I remember a cue a few years ago that I kept revising. Each version was cleaner, more polished, more impressive. And each one was further away from what the scene actually needed. When I finally stripped it back to almost nothing, the scene clicked instantly. Nothing new was added — most of it was removed.


 

That part doesn’t show up on a cue sheet.


 

From the outside, it may look like the work happens quickly, and sometimes it does. But, I feel speed is often the result of this quiet, unseen labor — learning when to act and when to wait.


 

This is the part of composing no one really talks about. Not because it’s secret, but because it’s hard to quantify. There’s no metric for taste. No credit for restraint.


 

For me? It’s where the work actually happens.


 

And it’s the part I trust the most.


 

- What I’m Paying Attention To Lately - 

 

- Blog #2 -

 

Lately, I’ve been paying attention to the difference between what’s actually changing, and what only feels like it is.


Some of that comes from my own habits. It’s easy to feel behind if you’re not careful — the conversation shifts fast, and speed is often framed as progress. Even with experience, that pressure has a way of creeping in.


And yes, the tools really are changing. Faster workflows. New expectations. New ways of making things that didn’t exist very long ago. It would be strange not to notice that.


But when I look at my own work — especially once it’s out in the world — a different picture shows up.


Taste still takes time to develop.

Judgment still comes from experience.

And knowing what not to do is often what allows something to come together quickly.


What’s changed is the surface: the interfaces, the shortcuts, the volume.

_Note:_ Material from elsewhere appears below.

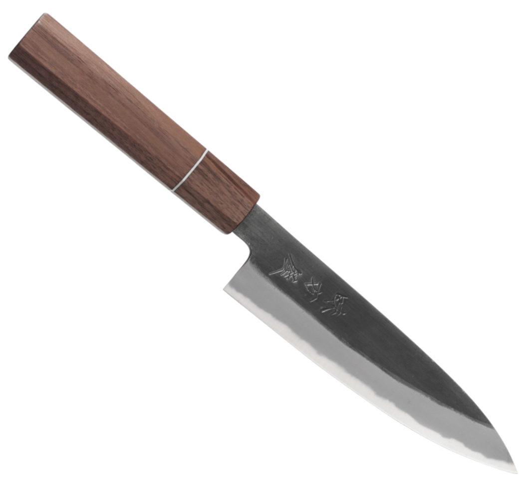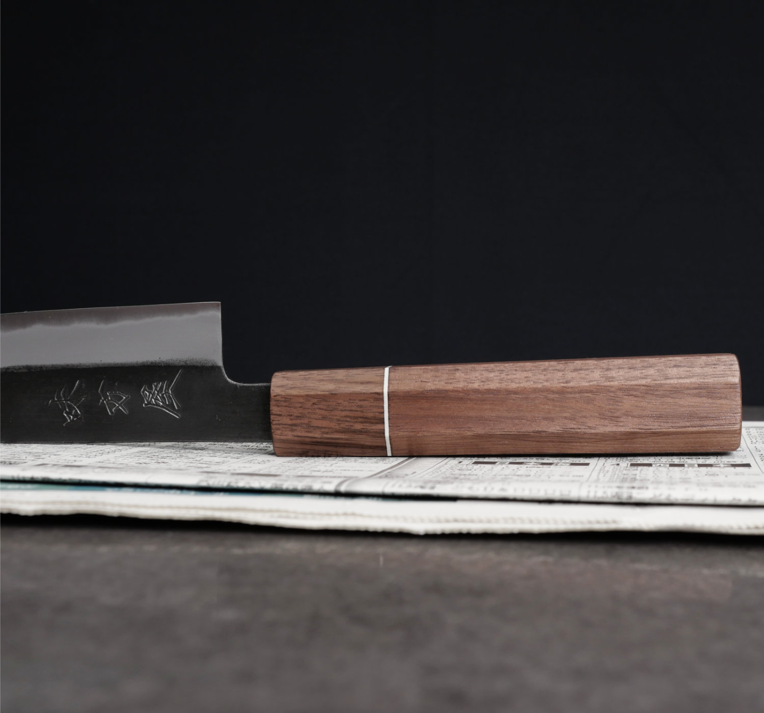 Allkniv från Mutsumi Hinoura med 138 mm långt blad. Skaftet är åttakantigt och tillverkas av valnöt med en vit spacer.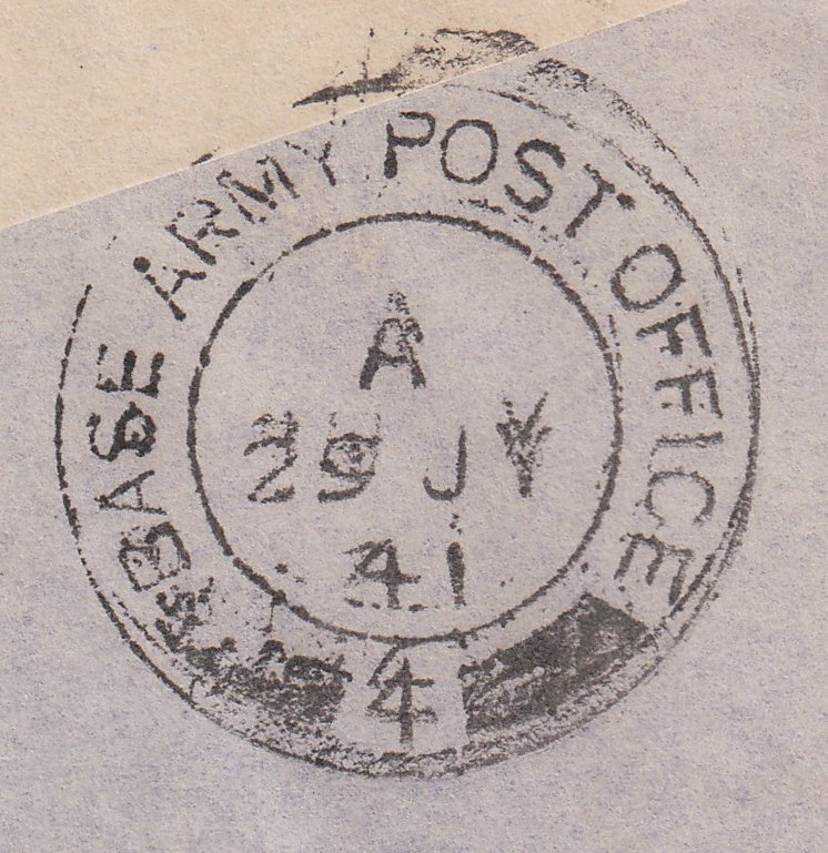 Rückseitig trägt der Beleg einen Tagesstempel "BASE ARMY POST OFFICE 4", Kennbuchstabe "A", vom 29.07.1941:

What hasn’t changed is the quiet part — the part where something either holds up under pressure or it doesn’t.


I notice this most when I’m making fast decisions I’ve learned to trust. Or when a cue, or piece lands not because it’s busy, but because it’s restrained. Those moments don’t come from hesitation — they come from clarity.


I don’t have a grand thesis here. Just a few observations I keep returning to as the pace accelerates.


The fundamentals don’t announce themselves when they’re still working.

They make speed possible.


That’s what I’ve been paying attention to.


 


 

Why I'm Writing This 

 

- Blog #1 -

 

For most of my career, I didn't feel the need to explain what I do. The work spoke for itself, or at least that's what I believed. I composed, delivered, revised, delivered again and moved on to the next project. The conversations happened privately - in spotting sessions, late night phone calls, and quiet moments where a director would eventually say, "Yes, that's it".

Lately, I've felt a pull to make some of these conversations public.

Not because the industry is collapsing. Not because technology is advancing. Not because everyone suddenly needs a blog.

But, because the things that actually matter in composing are rarely talked about, and I believe they matter more now than ever.

 

-Going Forward-

 

I'll write here occasionally. No set schedule. No content treadmill.

Some of the topics I will include

  • How I interpret emotional notes
  • Why “simple” is often harder than complex
  • The role of trust in creative collaboration
  • What experience teaches you that tutorials don't

If any of this resonates, I'm glad you're here.